Dalibo's wonderful execution plan visualizer
Sometimes you'll have some nasty query you just need to sit down with and optimize. In my experience, in a DWH this ends up happening with queries that involve many large tables in sequential joining and aggregation steps (as in, you join a few tables, group to some granularity, join some more, group again, etc).
You can get the query's real execution details with EXPLAIN ANALYZE
, but the output's
readability is on par with morse-encoded regex patterns. I always had headaches dealing with them until
I came across Dalibo's execution plan
visualizer. You can paste the output of EXPLAIN ANALYZE
there and see the query
execution presented as a diagram. No amount of words will portray accurately how awesome the UX is, so
I encourage you to try the tool with some nasty query and see for yourself.

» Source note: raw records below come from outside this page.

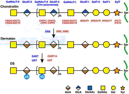 Biosynthetic pathway of DS side chain of PGs by diverse glycosyltransferases, epimerases, and sulfotransferases. Following the biosynthesis of core proteins (green), the common GAG-protein linker region, GlcUAβ1-3Galβ1-3Galβ1-4Xylβ1-, is constructed by XylT, GalT-I, GalT-II, and GlcAT-I on the specific Ser residue(s) of core proteins. After the formation of the linker region, chondroitin synthases build up the chondroitin backbone. Subsequently, the epimerization of GlcUA moieties as well as sulfation of mainly GalNAc and a small proportion of IdoUA residues are catalyzed by DSE as well as D4ST and UST, respectively. Each enzyme and its coding gene are indicated by blue and red characters, respectively.
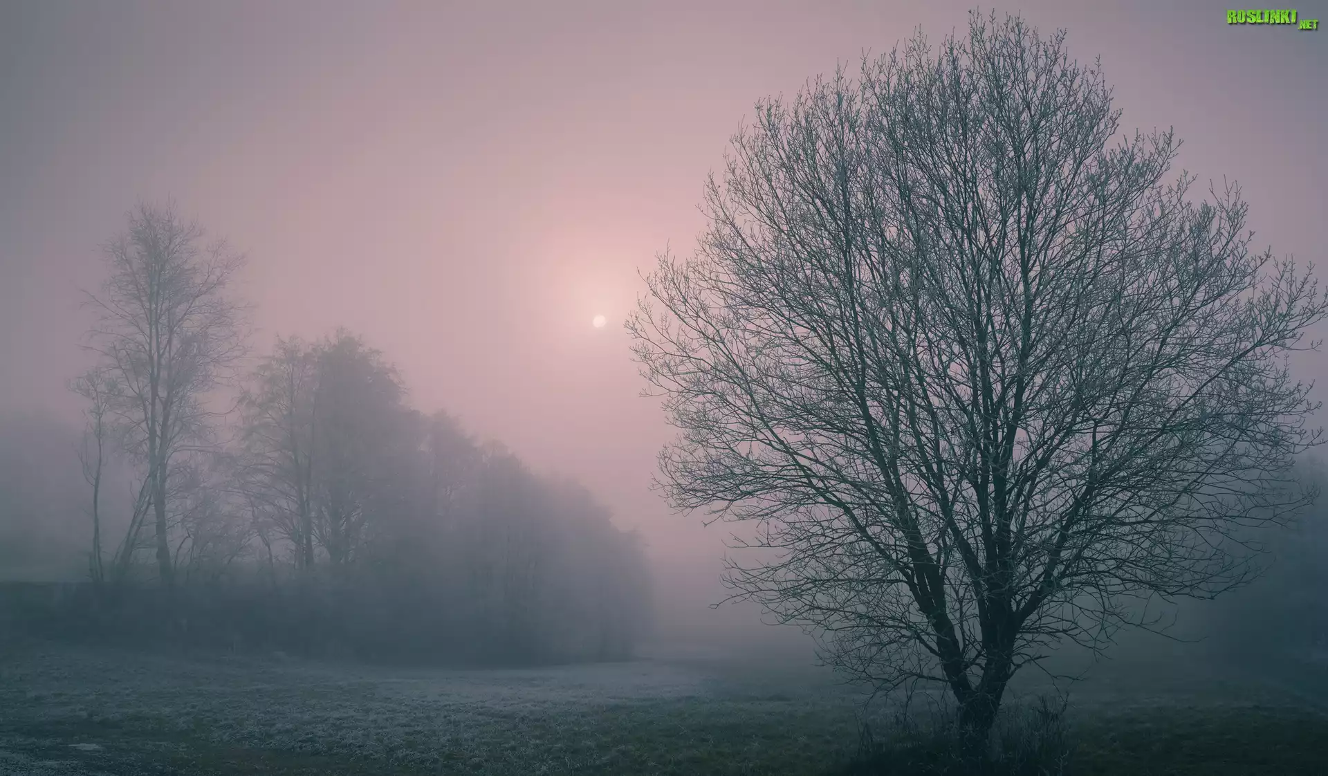 Rośliny: Mgła, Drzewa, Wschód słońca, Oszroniona, Trawa
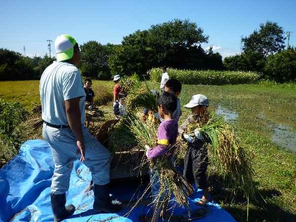 10日日曜日は日本冒険教育協会のみなさんがジョイフルファーム鵜の池内の田んぼで育った稲の稲刈り体験をしましたU^ェ^U
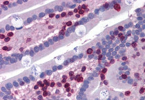 Immunohistochemistry: Paraffin-embedded Human small intestine tissue. Antigen Retrieval: Steam tissue section in Citrate buffer (pH 6.0). The tissue section was stained with ARG64056 anti-FLAP / ALOX5AP antibody at 3.75 µg/ml dilution followed by AP-staining.
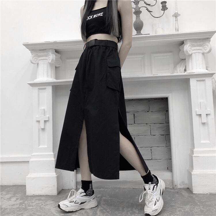 ダークルーズスリットポケットスカート ベルト ハーネス ミドル丈 CHIL70109350413
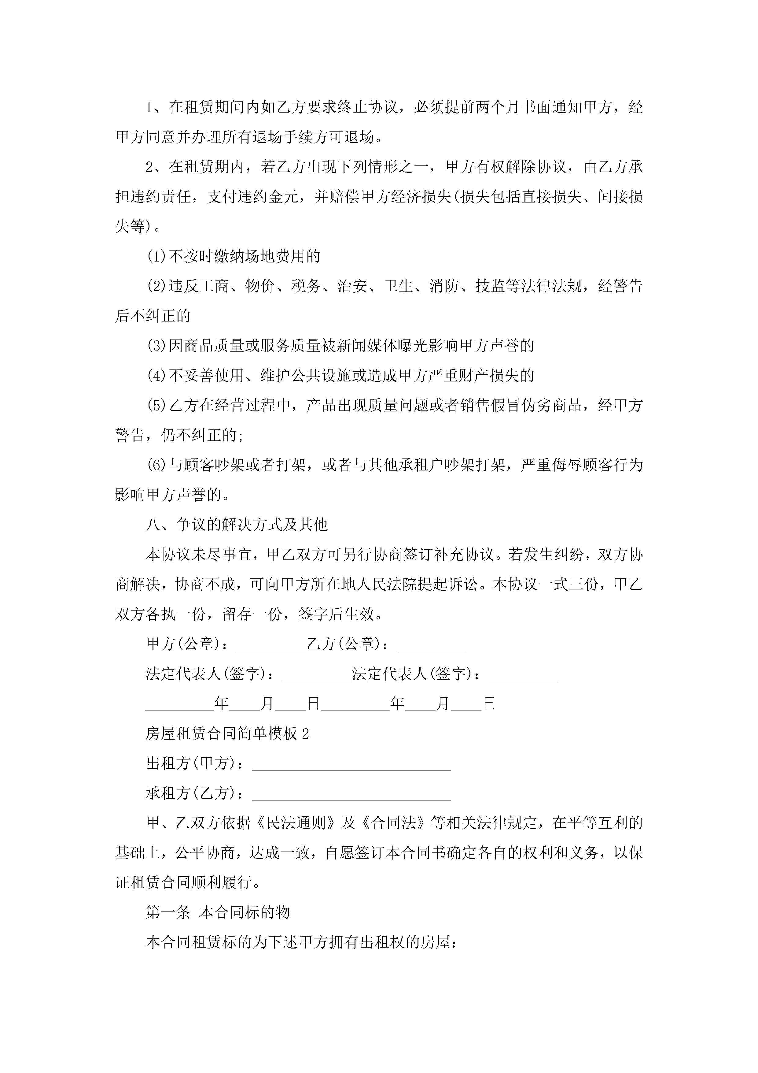 房屋租赁合同简单模板(八篇)jugei3月23日 01:48发布关注379 房屋租赁合同简单模板(八篇)此内容为付费资源,请付费后查看¥10.9 单篇文档限时特惠¥15个人会员开通企业会员开通立即下载无需登陆!可直接快捷下载单个模板付费资源© 版权声明THE ENDWord模板# 实用文档# 实用模板# 合同模板# 租房合同 如有问题,可点击最底部“联系我们”联系客服 分享QQ空间微博QQ好友海报分享复制链接收藏
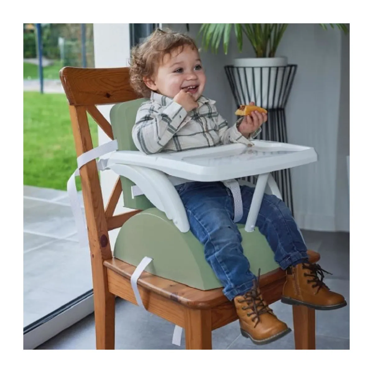 La solution répond aux repas comme aux moments de jeu grâce à une configuration 2-en-1 qui passe du rehausseur à un petit fauteuil. L'installation s'effectue sans outils pour une transition rapide entre la chaise de repas et l'assise autonome. Les sangles réglables maintiennent l'enfant de manière stable, tandis que la tablette amovible facilite le service et le retrait des aliments. Plié, l'ensemble devient compact pour voyager léger. Le matériau se nettoie simplement avec un coup d'éponge, pratique au quotidien. La couleur vert sauge s'intègre discrètement dans différents intérieurs, tout en offrant une utilisation durable pour accompagner la croissance.
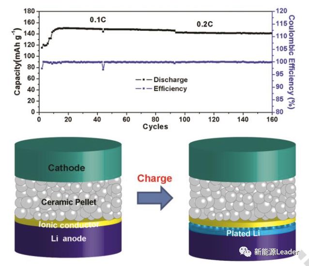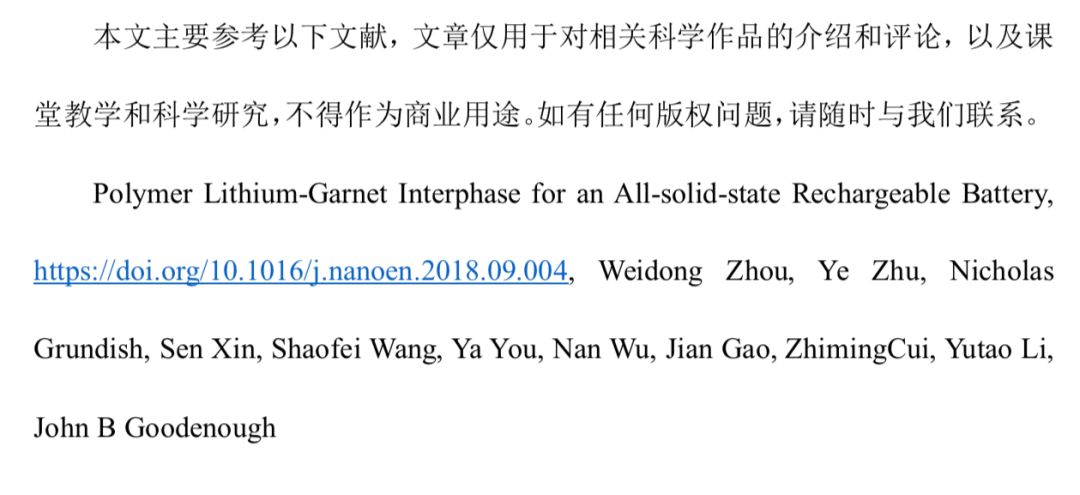 动力电池的比能量持续提高,现有的高镍材料硅碳体系比能量最高可以做到350Wh/kg左右,继续提高比能量就需要借助新的体系了,目前常见的高比能体系包括全固态金属Li电池,Li/硫电池和Li/空气电池,从目前的技术水平来看,全固态金属Li电池是最有可能的下一代高比能电池。对于全固态电池而言,固态电解质是关键技术,通常而言固态电解质在常温下的Li 电导率较低,影响电池的性能。为了提高全固态电解质的电导率,人们开发了多种类型的全固态电解质,其中石榴石型全固态电解质在常温下的电导率可达到10-4-10-3S/cm,与常见的碳酸酯类液态电解液的10-2S/cm非常接近,是一种理想的全固态电解质,但是石榴石电解质还面临着表面惰性层(LiOH、Li2CO3)与金属Li润湿性差,金属Li枝晶在晶界生长,界面阻抗大等问题。近日北京大学的Weidong Zhou(第一作者,通讯作者)、德州大学奥斯丁分校的Yutao Li(通讯作者)、John B Goodenough(通讯作者)通过在石榴石电解质表面涂布一层Li 迁移数达到0.9的聚合物电解质的方式抑制了金属Li枝晶的生长,并降低了界面阻抗,使得全固态金属电池的首次库伦效率提高到了97%,循环中库伦效率接近100%。

Local dev env + Foreign Data Wrapper
One of the awesome things of using Postgres is how trivial it is to spin up an instance. This makes goofing around much more simpler than whenever setting up a new instance means paperwork, $$$, etc.
Data team members at Truvi have a dockerized Postgres running in their laptops that they can use when they are developing on our DWH dbt project. In the early days, you could grab some production dump with some subset of tables from our staging layer and run significant chunks of our dbt DAG in your laptop if you were patient.
A few hundreds of models later, this evolved to increasingly difficult and finally became impossible.
Luckily, we came across Postgres' Foreign Data Wrapper. There's quite a bit to it, but to keep it short here, just be aware that FDW allows you to make a Postgres server give access to some table in a different Postgres server while pretending they are local. So, you query table X in Postgres server A, even though table X is actually stored in Postgres server B. But your query works just the same as if it was a local genuine table.
Setting these up is fairly trivial, and has allowed our dbt project contributors to be able to execute hybrid dbt runs where some data and tables is local to their laptop, whereas some upstream data is being read from production server's. The approach has been great so far, enabling them to actually test models before commiting them to master in a convenient way.